* **Directions for this task**
What are the lines below, starting at the line containing "Camisa polo de" and ending at the line containing "位于日本宫崎县和鹿儿岛交界处"? Write them out exactly, ends included, without pictures.

* **Information**
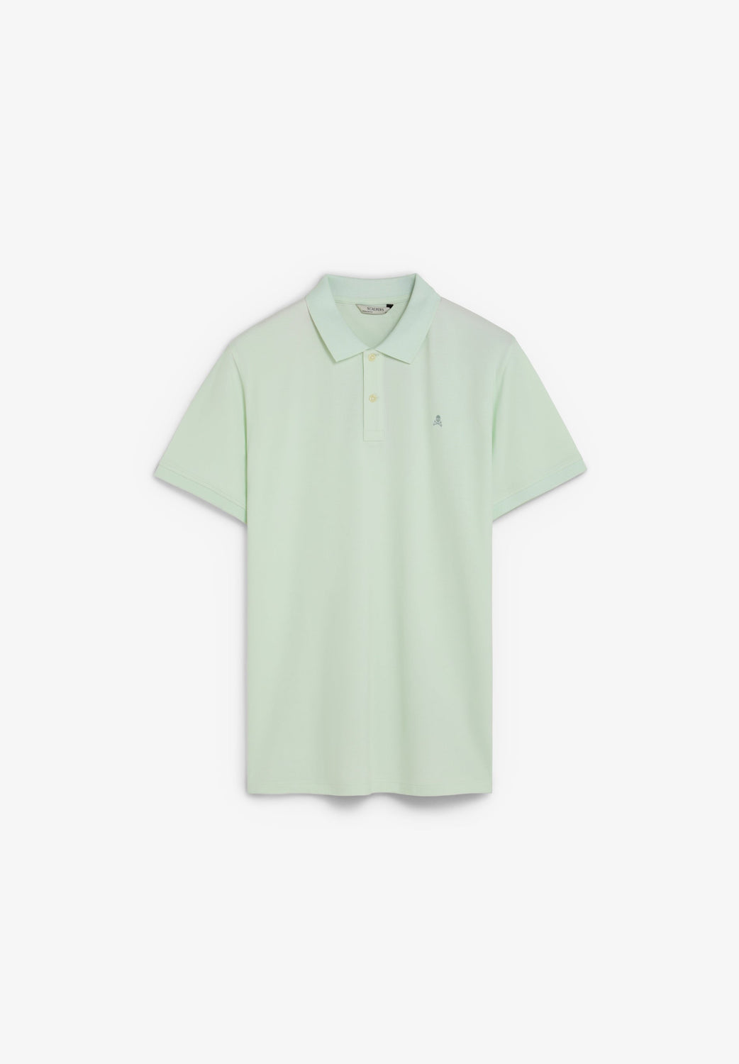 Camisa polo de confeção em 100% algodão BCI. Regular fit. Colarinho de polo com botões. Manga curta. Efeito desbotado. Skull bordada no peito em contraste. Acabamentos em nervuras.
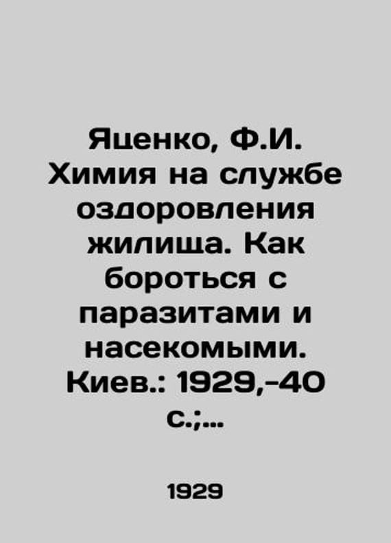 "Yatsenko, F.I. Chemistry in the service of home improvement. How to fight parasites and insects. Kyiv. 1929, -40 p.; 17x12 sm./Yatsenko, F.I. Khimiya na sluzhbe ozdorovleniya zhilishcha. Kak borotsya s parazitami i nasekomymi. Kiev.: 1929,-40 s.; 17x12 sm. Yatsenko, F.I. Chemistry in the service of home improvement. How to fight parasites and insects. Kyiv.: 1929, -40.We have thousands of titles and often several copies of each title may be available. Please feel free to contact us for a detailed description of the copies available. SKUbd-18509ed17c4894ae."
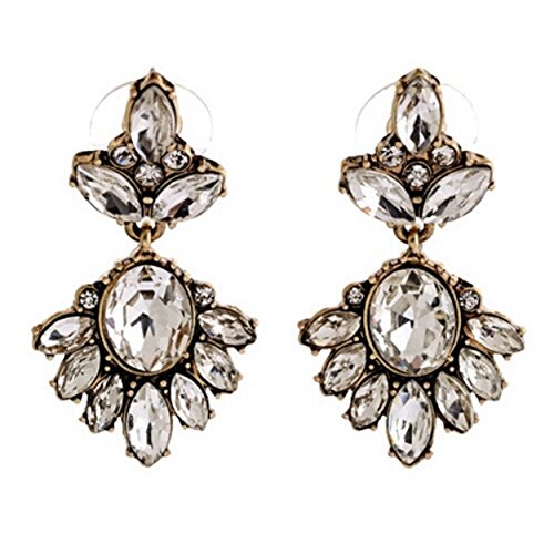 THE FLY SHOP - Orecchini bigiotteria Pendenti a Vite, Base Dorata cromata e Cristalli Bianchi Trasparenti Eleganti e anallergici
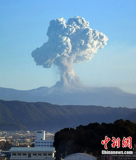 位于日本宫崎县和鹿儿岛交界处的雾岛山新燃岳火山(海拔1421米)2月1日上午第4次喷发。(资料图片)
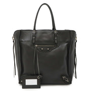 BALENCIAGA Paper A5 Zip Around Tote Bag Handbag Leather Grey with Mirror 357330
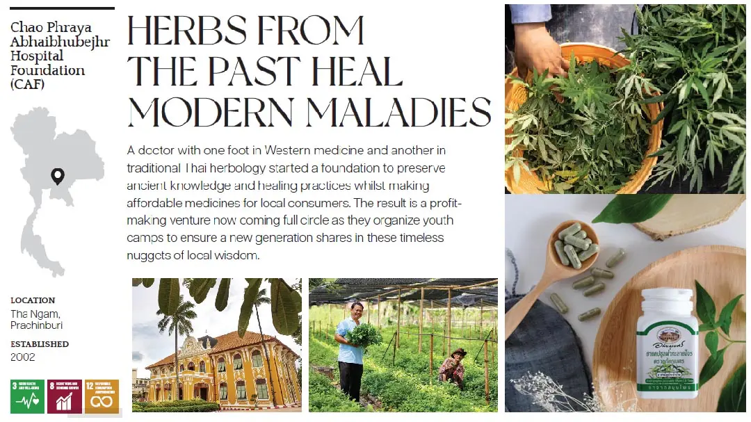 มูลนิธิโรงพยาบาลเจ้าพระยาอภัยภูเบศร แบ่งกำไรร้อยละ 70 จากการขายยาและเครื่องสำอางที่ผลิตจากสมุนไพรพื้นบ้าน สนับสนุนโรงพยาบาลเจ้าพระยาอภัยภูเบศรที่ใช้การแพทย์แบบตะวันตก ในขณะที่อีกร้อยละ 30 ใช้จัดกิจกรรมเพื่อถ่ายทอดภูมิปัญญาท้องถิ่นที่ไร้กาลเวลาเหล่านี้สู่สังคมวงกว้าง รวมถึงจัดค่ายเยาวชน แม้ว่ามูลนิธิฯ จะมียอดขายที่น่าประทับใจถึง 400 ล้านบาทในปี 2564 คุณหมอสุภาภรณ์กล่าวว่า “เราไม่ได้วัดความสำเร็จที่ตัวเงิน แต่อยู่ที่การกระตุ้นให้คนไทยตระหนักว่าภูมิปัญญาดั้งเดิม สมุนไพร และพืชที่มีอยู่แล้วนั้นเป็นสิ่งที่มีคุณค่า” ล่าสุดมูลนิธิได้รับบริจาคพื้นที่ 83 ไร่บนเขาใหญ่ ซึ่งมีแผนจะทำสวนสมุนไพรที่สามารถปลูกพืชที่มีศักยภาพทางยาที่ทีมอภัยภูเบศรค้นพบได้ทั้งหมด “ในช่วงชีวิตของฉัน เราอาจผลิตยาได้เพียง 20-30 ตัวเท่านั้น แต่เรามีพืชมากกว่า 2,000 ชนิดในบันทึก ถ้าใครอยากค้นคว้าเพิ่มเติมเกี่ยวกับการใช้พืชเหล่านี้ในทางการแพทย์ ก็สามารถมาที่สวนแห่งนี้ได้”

==

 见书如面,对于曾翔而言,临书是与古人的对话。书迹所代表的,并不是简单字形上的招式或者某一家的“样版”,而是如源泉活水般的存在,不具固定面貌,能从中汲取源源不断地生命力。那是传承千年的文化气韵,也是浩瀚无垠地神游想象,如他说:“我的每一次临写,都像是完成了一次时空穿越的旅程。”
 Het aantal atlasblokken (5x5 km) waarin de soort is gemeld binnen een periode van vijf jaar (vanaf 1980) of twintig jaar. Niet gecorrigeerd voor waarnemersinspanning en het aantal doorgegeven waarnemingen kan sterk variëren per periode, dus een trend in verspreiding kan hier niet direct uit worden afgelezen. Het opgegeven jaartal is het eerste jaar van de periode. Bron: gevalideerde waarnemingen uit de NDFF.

* **Problem solution**
 Camisa polo de confeção em 100% algodão BCI. Regular fit. Colarinho de polo com botões. Manga curta. Efeito desbotado. Skull bordada no peito em contraste. Acabamentos em nervuras.
 "Yatsenko, F.I. Chemistry in the service of home improvement. How to fight parasites and insects. Kyiv. 1929, -40 p.; 17x12 sm./Yatsenko, F.I. Khimiya na sluzhbe ozdorovleniya zhilishcha. Kak borotsya s parazitami i nasekomymi. Kiev.: 1929,-40 s.; 17x12 sm. Yatsenko, F.I. Chemistry in the service of home improvement. How to fight parasites and insects. Kyiv.: 1929, -40.We have thousands of titles and often several copies of each title may be available. Please feel free to contact us for a detailed description of the copies available. SKUbd-18509ed17c4894ae."
 THE FLY SHOP - Orecchini bigiotteria Pendenti a Vite, Base Dorata cromata e Cristalli Bianchi Trasparenti Eleganti e anallergici
 位于日本宫崎县和鹿儿岛交界处的雾岛山新燃岳火山(海拔1421米)2月1日上午第4次喷发。(资料图片)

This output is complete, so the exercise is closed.